Particular attention is paid to the economics of such reactors, and the various factors affecting their competitiveness are analysed and discussed. Vendors’ data on the economics of different designs is compared with the independent quantitative estimates of the electricity generating costs, and the deployment potential of SMRs in a number of markets and geographic locations is assessed.

The study also highlights the safety features and licensing issues regarding such reactors, although the Fukushima Dai-ichi accident might have a significant impact on the design and licensing of SMRs.

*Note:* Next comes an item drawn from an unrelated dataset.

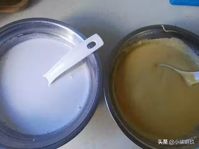 6.上蒸鍋,鍋中放入水,水開後把不鏽鋼盤子放入蒸屜上(我用的是有點深度的盤子 ,刷層薄薄的油,便於脫模)先放一勺南瓜馬蹄汁,蓋鍋蓋大火蒸3分鐘表面凝固,然後關小火,倒入一勺小白漿,再開大火蒸3分鐘,同樣的方法,蒸至9層,最後一層要蒸8分鐘。

For this study, a SMR definition supported by the International Atomic Energy Agency (IAEA) was used, according to which “small reactors are reactors with the equivalent[77] electric power less than 300 MW, medium-sized reactors are reactors with the equivalent electric power between 300 and 700 MW". However, the main focus is on small reactors.

9.3 Summary

SMR characterisation (general)

Regarding the SMR characterisation, the conclusions are as follows:

• On a fundamental level, nuclear power plants with SMRs are not different from those with large reactors. The reasons to consider SMRs separately are:

— higher degree of innovation implemented in their designs; and

— specific conditions and requirements of the target markets, which are often substantially different from those of the nuclear power plants (NPPs) with conventional large reactors.

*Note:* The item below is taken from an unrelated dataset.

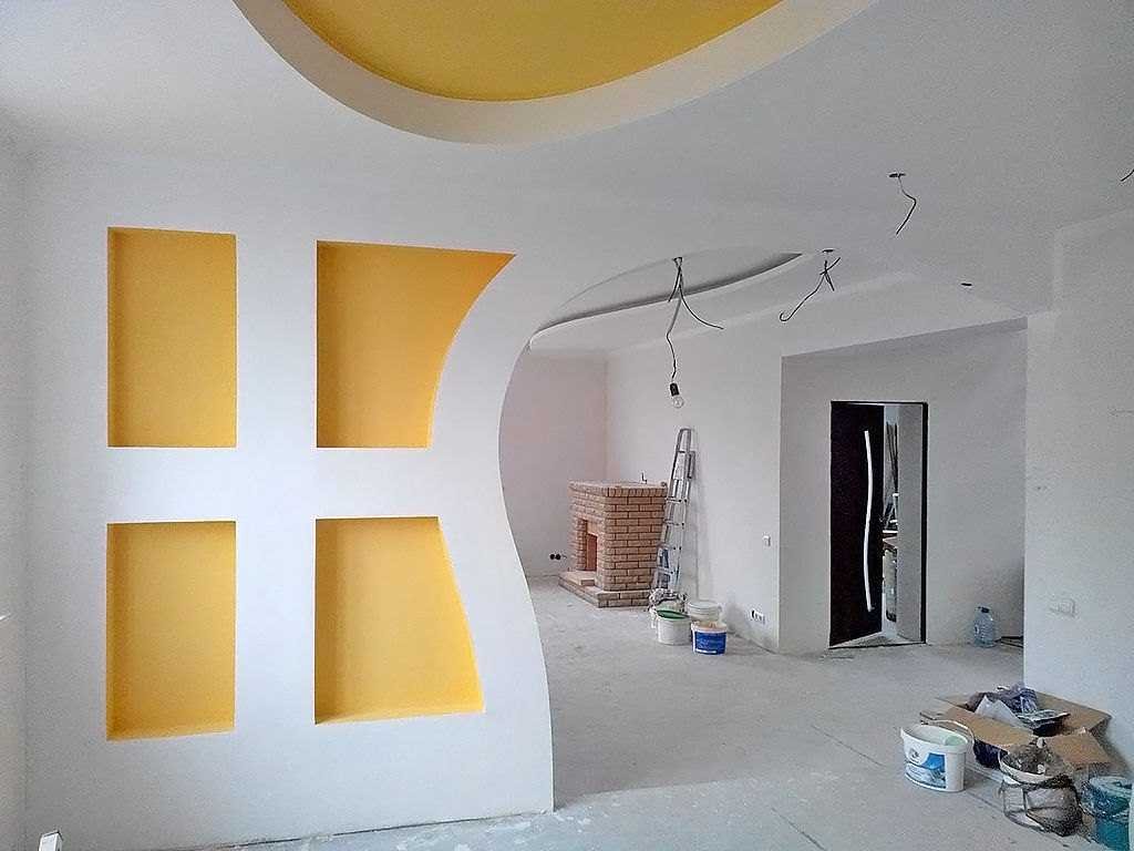 - Alçıpan levhalar mükemmel düz bir yüzeye sahiptir, bu nedenle kaba tabanları tesviye etmek için satın alınabilirler. Bu zemin, tavan ve duvarlar olabilir. Ana şey, tüm işleri doğru ve düzgün bir şekilde yapmak, alçı montajı için temelleri hazırlamaktır.

• Recent publications on SMRs point to the following two general classes of SMR applications:

— Niche applications in remote or isolated areas where large generating capacities are not needed, the electrical grids are poorly developed or inexistent, and where the non­electrical products (such as heat or desalinated water) are as a bare necessity as the electricity is.

— Traditional deployment and direct competition with NPPs with large reactors. In this, it is noted that the upfront capital investment for one unit of a SMR is significantly smaller than for a large reactor. Thus there is flexibility in incremental capacity increase, resulting in smaller financial risks and making such reactors potentially attractive to investors.